Problem to solve: Restate word for word the lines below from the one that has "Barevný obrázek spícího" through the one that has "Сегодня в прыжках", keeping both and dropping all pictures.

Given data:

════════

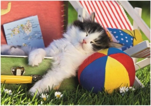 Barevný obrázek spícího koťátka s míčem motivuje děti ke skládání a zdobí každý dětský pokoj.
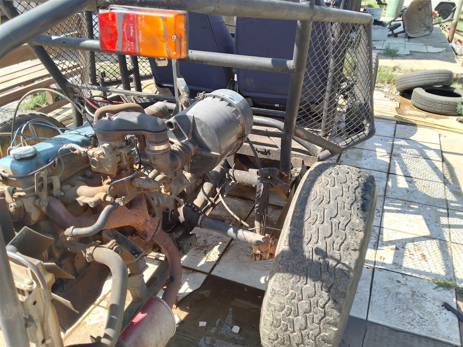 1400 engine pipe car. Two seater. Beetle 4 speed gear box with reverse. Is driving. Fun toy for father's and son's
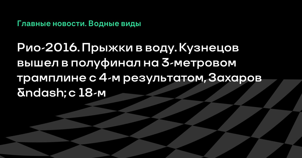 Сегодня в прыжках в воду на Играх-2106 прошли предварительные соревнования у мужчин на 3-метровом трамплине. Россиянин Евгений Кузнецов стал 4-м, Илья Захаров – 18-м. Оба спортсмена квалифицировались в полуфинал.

════════

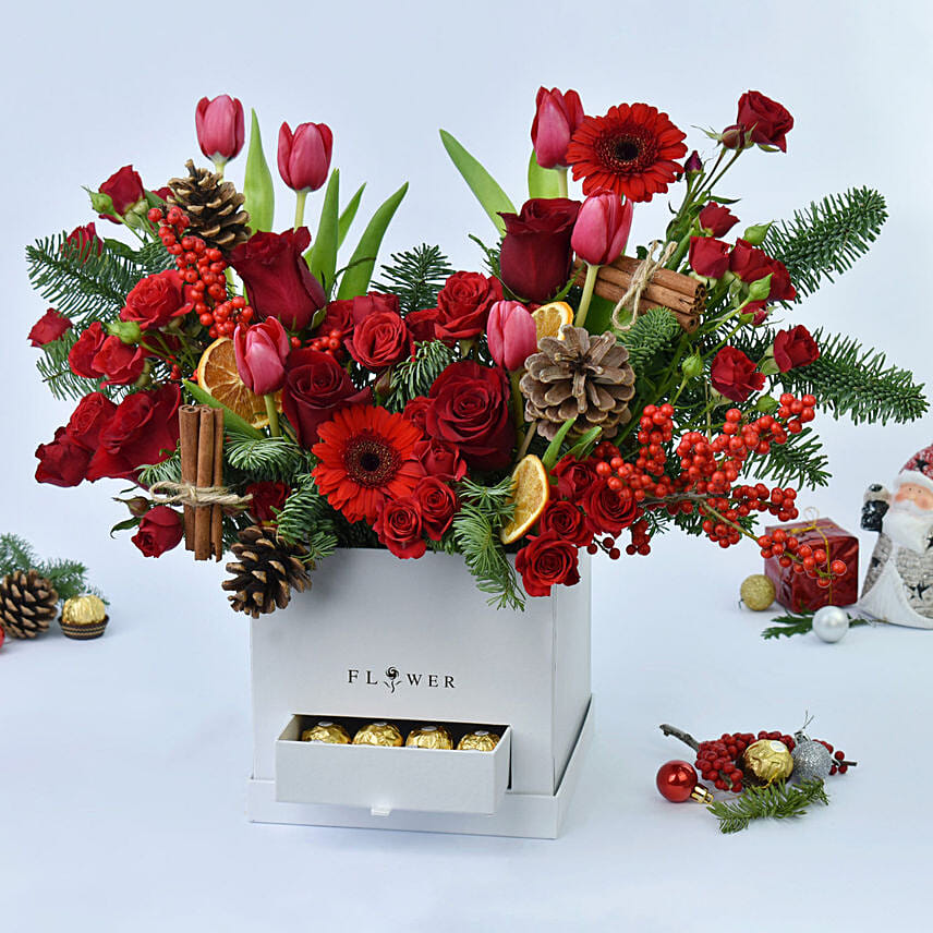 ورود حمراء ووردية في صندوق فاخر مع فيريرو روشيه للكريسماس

════════

Task response:
 Barevný obrázek spícího koťátka s míčem motivuje děti ke skládání a zdobí každý dětský pokoj.
 1400 engine pipe car. Two seater. Beetle 4 speed gear box with reverse. Is driving. Fun toy for father's and son's
 Сегодня в прыжках в воду на Играх-2106 прошли предварительные соревнования у мужчин на 3-метровом трамплине. Россиянин Евгений Кузнецов стал 4-м, Илья Захаров – 18-м. Оба спортсмена квалифицировались в полуфинал.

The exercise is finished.